DATA UNDER STUDY:
____
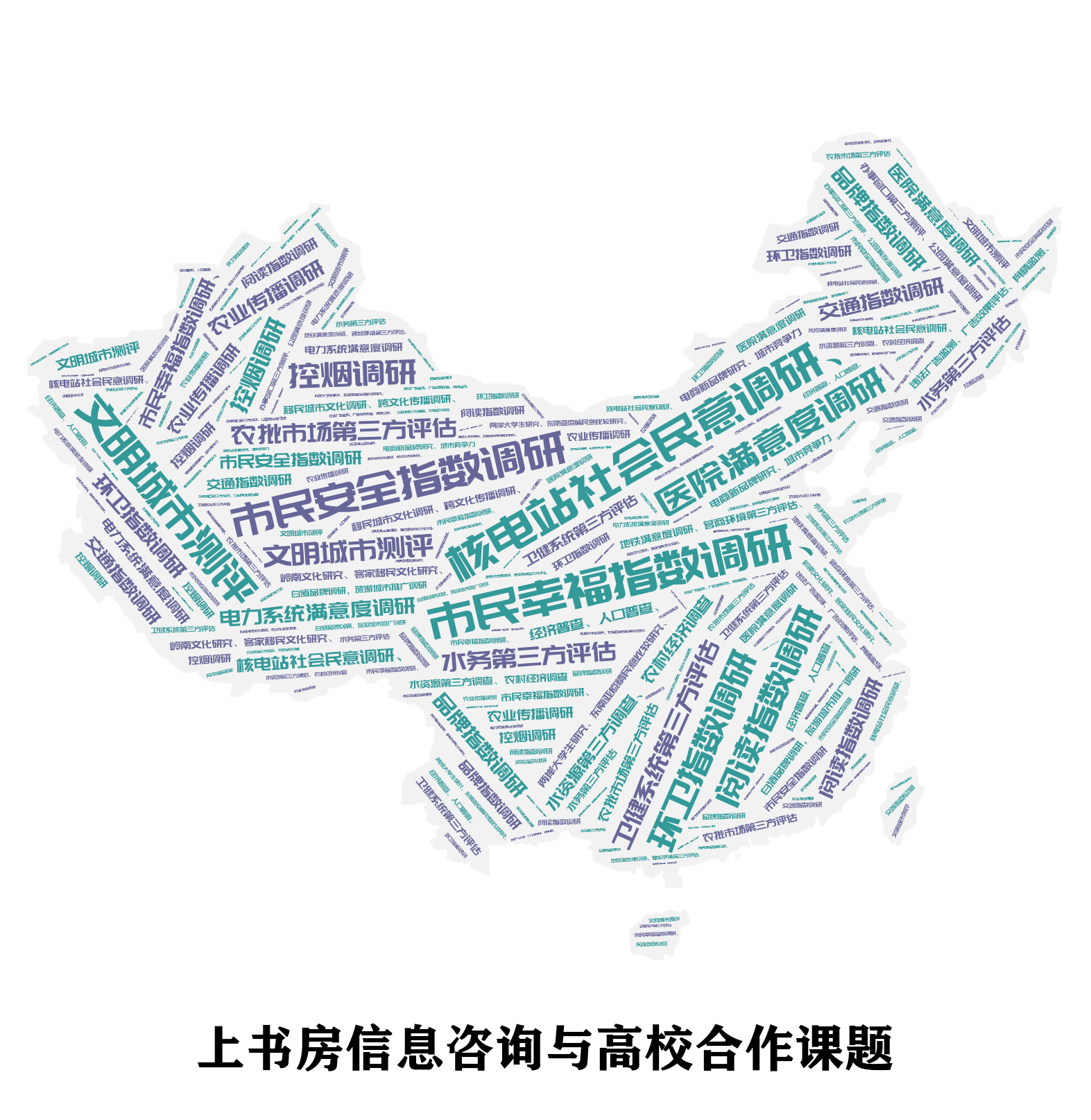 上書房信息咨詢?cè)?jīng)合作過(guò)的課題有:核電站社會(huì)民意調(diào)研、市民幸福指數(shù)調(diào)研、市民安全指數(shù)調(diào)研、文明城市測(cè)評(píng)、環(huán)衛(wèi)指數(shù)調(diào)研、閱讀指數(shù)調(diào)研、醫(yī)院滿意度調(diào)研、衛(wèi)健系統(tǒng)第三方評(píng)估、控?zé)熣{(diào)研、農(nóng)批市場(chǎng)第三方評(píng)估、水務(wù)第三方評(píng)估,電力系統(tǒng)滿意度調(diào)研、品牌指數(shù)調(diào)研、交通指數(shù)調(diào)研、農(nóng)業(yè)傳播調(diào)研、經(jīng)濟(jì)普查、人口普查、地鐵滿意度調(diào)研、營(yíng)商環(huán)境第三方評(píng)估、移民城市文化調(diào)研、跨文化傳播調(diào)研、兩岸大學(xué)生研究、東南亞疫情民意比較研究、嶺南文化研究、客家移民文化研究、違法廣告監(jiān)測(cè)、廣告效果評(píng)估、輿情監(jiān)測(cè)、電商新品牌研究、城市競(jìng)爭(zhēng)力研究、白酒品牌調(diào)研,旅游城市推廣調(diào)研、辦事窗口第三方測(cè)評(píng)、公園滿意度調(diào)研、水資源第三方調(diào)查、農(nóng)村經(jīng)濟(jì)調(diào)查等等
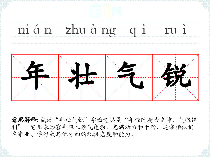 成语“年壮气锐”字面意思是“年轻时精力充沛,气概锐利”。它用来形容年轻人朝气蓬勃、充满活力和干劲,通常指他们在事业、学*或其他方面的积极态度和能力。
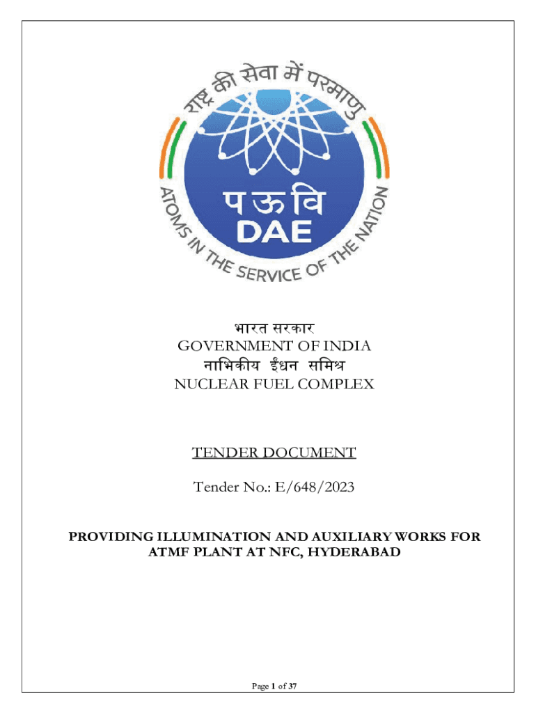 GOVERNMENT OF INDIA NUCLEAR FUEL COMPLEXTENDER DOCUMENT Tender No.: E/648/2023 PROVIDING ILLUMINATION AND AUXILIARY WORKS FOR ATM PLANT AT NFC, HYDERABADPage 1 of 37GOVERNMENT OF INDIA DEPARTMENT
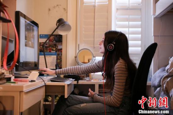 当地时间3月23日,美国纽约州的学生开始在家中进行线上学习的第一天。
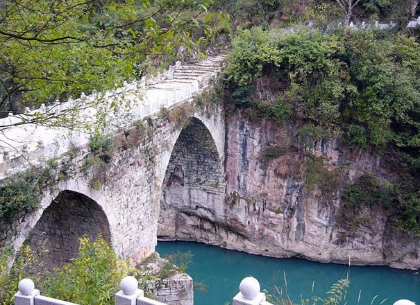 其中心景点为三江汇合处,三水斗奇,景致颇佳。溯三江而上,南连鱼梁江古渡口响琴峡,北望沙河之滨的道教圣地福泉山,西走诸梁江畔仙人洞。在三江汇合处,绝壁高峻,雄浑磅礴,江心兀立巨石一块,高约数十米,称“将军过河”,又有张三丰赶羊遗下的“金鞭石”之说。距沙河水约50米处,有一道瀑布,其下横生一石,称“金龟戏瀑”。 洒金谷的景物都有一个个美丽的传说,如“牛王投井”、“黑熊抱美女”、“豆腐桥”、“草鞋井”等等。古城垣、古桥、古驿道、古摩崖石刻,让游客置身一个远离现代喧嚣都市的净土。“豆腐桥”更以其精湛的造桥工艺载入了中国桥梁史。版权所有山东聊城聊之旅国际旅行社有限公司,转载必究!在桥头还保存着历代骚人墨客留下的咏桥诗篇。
____
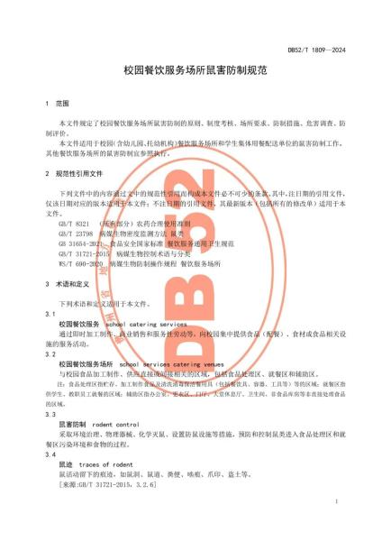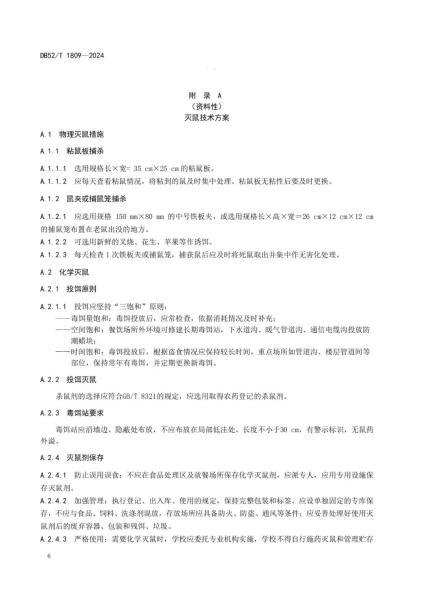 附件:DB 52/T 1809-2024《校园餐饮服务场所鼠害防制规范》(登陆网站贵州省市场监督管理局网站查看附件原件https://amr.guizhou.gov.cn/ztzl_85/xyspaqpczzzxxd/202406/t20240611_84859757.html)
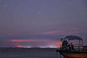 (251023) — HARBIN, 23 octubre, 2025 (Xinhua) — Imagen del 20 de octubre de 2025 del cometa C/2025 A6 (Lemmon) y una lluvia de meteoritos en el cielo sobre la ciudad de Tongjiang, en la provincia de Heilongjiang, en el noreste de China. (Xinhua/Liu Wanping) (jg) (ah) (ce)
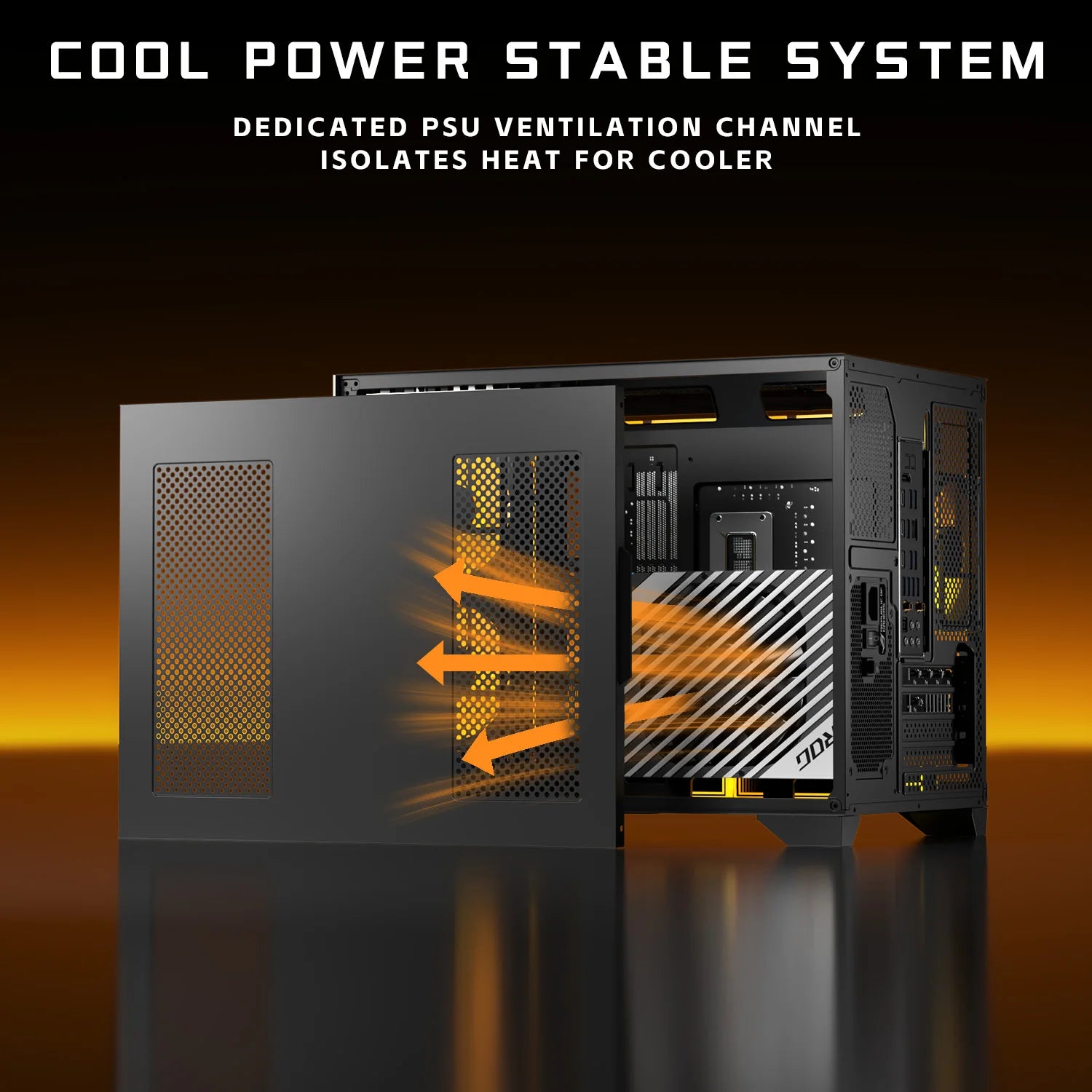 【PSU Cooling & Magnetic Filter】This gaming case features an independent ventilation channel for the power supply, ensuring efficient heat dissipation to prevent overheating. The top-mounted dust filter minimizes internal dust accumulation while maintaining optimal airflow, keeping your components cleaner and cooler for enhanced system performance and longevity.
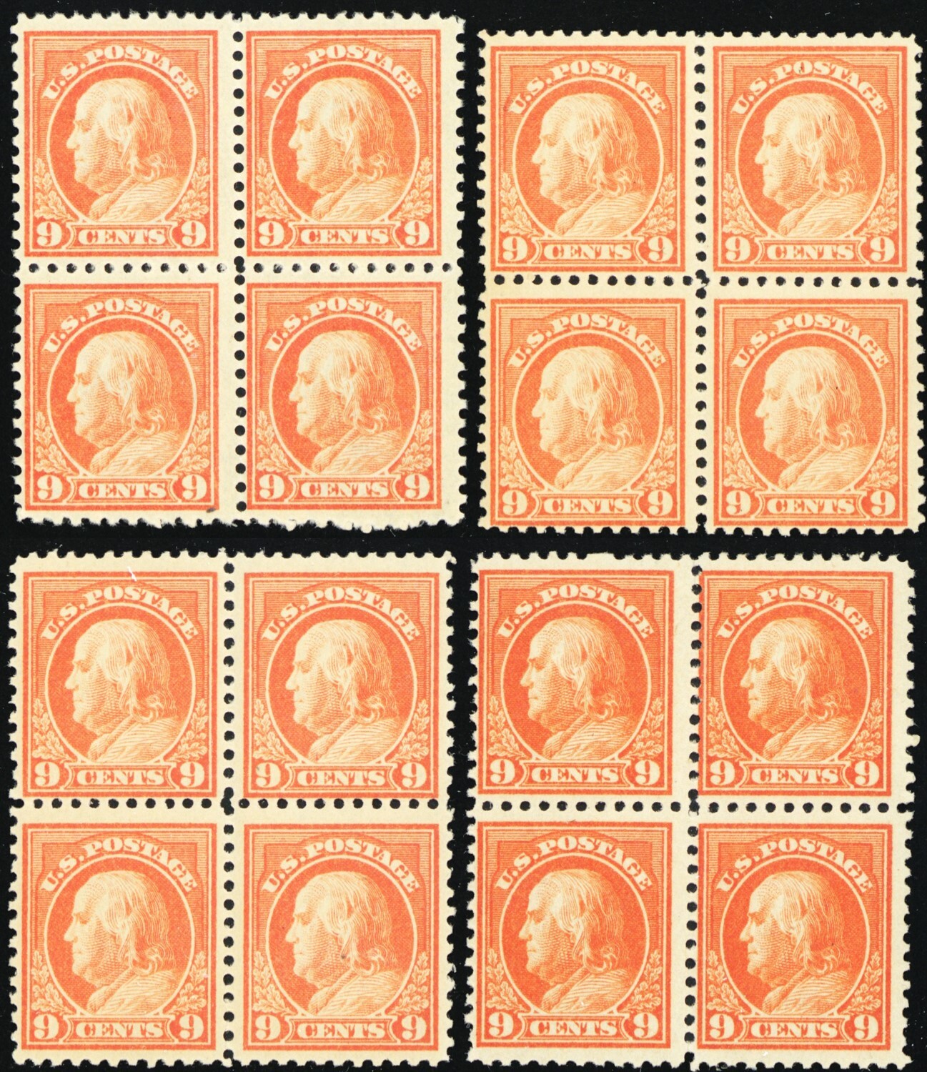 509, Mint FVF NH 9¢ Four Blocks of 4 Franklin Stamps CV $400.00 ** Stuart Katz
____
INSTRUCTIONS TO FOLLOW: From the records above, quote word for word only the lines beginning at the line that has "当地时间3月23日,美国纽约州的学生开始在家中进行线上学习的第一天。" and stopping after the line that has "其中心景点为三江汇合处,三水". Omit the pictures.

TASK RESPONSE:
 当地时间3月23日,美国纽约州的学生开始在家中进行线上学习的第一天。
 其中心景点为三江汇合处,三水斗奇,景致颇佳。溯三江而上,南连鱼梁江古渡口响琴峡,北望沙河之滨的道教圣地福泉山,西走诸梁江畔仙人洞。在三江汇合处,绝壁高峻,雄浑磅礴,江心兀立巨石一块,高约数十米,称“将军过河”,又有张三丰赶羊遗下的“金鞭石”之说。距沙河水约50米处,有一道瀑布,其下横生一石,称“金龟戏瀑”。 洒金谷的景物都有一个个美丽的传说,如“牛王投井”、“黑熊抱美女”、“豆腐桥”、“草鞋井”等等。古城垣、古桥、古驿道、古摩崖石刻,让游客置身一个远离现代喧嚣都市的净土。“豆腐桥”更以其精湛的造桥工艺载入了中国桥梁史。版权所有山东聊城聊之旅国际旅行社有限公司,转载必究!在桥头还保存着历代骚人墨客留下的咏桥诗篇。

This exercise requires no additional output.